You can't fool all the people all the time, but you don't have to be a rocket scientist to keep 'em guessing every once in a while.
I saw a teaser on line last night that got my attention, something about the surviving Boston Marathon bomber's EKG not registering so much as a minor blip when he was informed he might be subject to the death penalty. Naturally, I read the article, fascinated by the implication that this guy actually didn't have a heart, and was immediately crushed. The article pretty much told me how irrelevant an EKG would be in measuring an emotional reaction to such a statement, particularly when the guy is drugged up the wazoo. And particularly when the death penalty is thrown in at the end of the litany of possible penalties the way death is always tossed in as a possible side effect of even the most benign narcotic, right there after permanent maiming. Even the most emotional among us barely pay attention to that crap.

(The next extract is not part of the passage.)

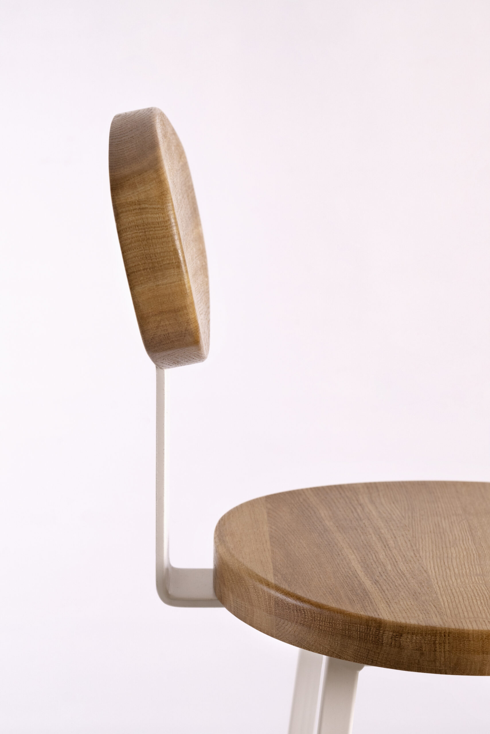 код 140889Полубарный стул со спинкой и вогнутым сиденьем. Материал: цельноламельный массив дуба, металл.
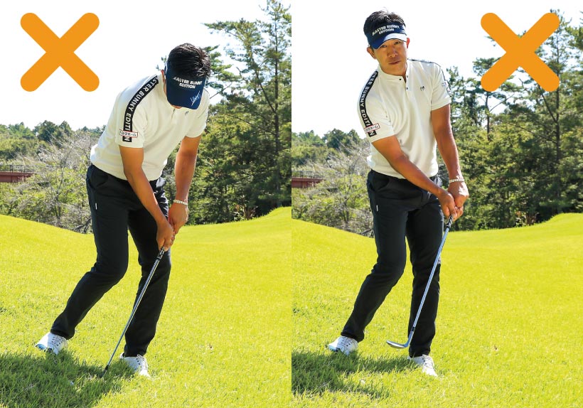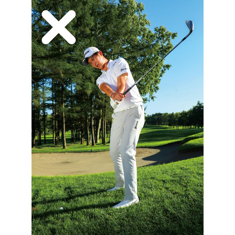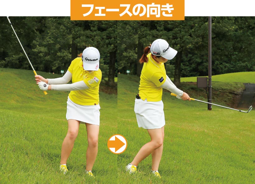 終始左足体重のまま、フェースターンを意識せずダウンスイングで右ヒザを左ヒザに寄せてゆけば、傾斜に沿ってヘッドを低く出せるので、ボールがフェースに乗ってフワッと浮いてくれます。

My EKG's, as far as I know, have always been quite normal, despite the fact that I tend to be a chronic worrier. I think I usually hide it pretty well, not just from the men in the white coats but from the mere mortals around me. It's important to keep that stuff under wraps; you don't want to make folks uncomfortable, particularly if they're your children. In fact, when they're your children, if you're a complete psycho the way I am, you are occasionally at risk of having an "episode" where you worry yourself into a complete frenzy about making sure everything is absolutely perfect for them and, at the same time, not letting them know you're on the verge of a complete mental break down. Note to self: don't try that again.
The key to not letting them see you sweat is to not try too hard. Worry all you want, but if you run yourself ragged thinking you have some control over how things turn out, you're headed for disaster. For example, your body can suddenly realize at an inopportune time -- say, when you're out to dinner with your three kids, a visiting French student, and your ex-husband, celebrating your daughter's birthday and your son's homecoming after a year -- that it's been running on pure adrenaline all day and needs to shut down and you end up spending the next half hour semi-conscious on the ladies room floor while your daughters take turns offering you water and blockading the door and your son and your ex and the French student sit at the table staring awkwardly at each other.
It was, to say the least, an inauspicious beginning to my week of having a rare house full of offspring, but I adjusted. It took a day or two, but I stopped panicking and started to relax a bit, enjoying the laptops and clothing and plates that seemed to be strewn everywhere, even relishing the constant sound and sensation of oreo crumbs crunching beneath my feet. There are piles of unfolded laundry everywhere, urgent requests for food and coffee and toilet paper throughout the day, an occasional suggestion that I drop whatever really important thing I happen to be doing so we can go somewhere together. A blind dog and one teenager can't even begin to match this kind of chaos. They both reacted as I did at first, with a bit of trepidation, maybe some confusion about how to behave. But, as the week draws to a close, tails are wagging and we're all smiling. It's been a beautiful mess.
I still slip into panic mode occasionally, striving for perfection when I know it will only lead to disaster. Which is why the home made Snickers brownies I had promised to bring to a mother daughter dinner last night where I really wanted to make a good impression ended up being made from a mix and not including any Snickers and being under baked and poorly cut and looking a bit like beef jerky. I assured them all I had other talents. They looked skeptical. At least I didn't pass out.
On my way to Starbucks this morning, I spotted the sneaky cop hiding in the school parking lot. My gas gauge is on "E," and I was afraid, for a moment, I'd see the heart sinking light show blinding me in my rear view mirror. But I remained calm, kept my hands at ten and two, and, as far as I can tell, the guy has no idea I was running on empty.